Horry County Democratic Party Chair Don Kohn echoed the LWVSC’s message, saying “our elections are too important to trifle with or fall victim to partisan considerations.”
Please Write Now
The LWVSC offers practical tips on how to craft a letter (as opposed to calling state offices: staff have been sent home; no one will answer telephones).
The LWVSC’s advises letter writers to
- begin with the phrase “I am writing as your constituent”
- emphasize their belief that health safety is the paramount reason for voting by mail and for applying online for absentee ballots
- insist on a deadline extension for sending/counting the mailed ballots
- emphasize the anxiety among family and friends in one’s home town re: the safety of the process for all involved
- include phrases such as “I’m counting on your support” and “I will be watching for your positive action on this”

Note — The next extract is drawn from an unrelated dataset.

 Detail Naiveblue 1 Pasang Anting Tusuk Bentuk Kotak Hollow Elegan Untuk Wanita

- “express your outrage” in the event that your representative/governor does nothing to preempt a Wisconsin-style failure to act expeditiously or fairly.

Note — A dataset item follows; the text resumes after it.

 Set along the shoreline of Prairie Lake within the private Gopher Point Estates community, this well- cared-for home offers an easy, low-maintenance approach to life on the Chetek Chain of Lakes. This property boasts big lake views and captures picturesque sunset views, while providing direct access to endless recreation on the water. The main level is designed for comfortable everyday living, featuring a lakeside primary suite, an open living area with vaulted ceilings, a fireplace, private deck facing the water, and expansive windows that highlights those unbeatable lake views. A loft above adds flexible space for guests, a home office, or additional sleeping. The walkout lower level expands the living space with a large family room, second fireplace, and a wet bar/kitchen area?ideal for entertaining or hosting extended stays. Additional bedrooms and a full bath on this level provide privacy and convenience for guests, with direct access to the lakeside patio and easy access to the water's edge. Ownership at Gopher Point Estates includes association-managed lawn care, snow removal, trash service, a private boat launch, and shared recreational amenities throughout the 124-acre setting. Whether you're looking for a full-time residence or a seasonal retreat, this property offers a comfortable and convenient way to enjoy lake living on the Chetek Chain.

For more tips and addresses, consult the league’s complete action alert.
It Can Be Done
If we take Maryland as an example, modifying the process is within the Palmetto State’s reach, our Republican governor notwithstanding. Maryland Gov. Larry Hogan, also a Republican, ordered election officials to conduct an almost all-mail ballot—“a stark departure from the state’s typical voting process,” in the words of Baltimore Sun reporter Emily Opilo.
So far, 15 states and counting have altered their procedures to safeguard workers and voters during the pandemic, which has caused lockdowns in 42 states and the District of Columbia.
Reasonable modifications will diminish the chances that millions of American citizens still to vote won’t suffer, to quote New York Times reporters Nick Corasaniti and Stephanie Saul, the same fate as “thousands of Wisconsin voters [who] were effectively disenfranchised.”
South Carolina is not immune to the same misdeeds caused by naked partisanship in Wisconsin. As time ticks away, we must focus not only on the continued threat of Covid-19 but also on insiders who take advantage of the public’s fear for their own political gains.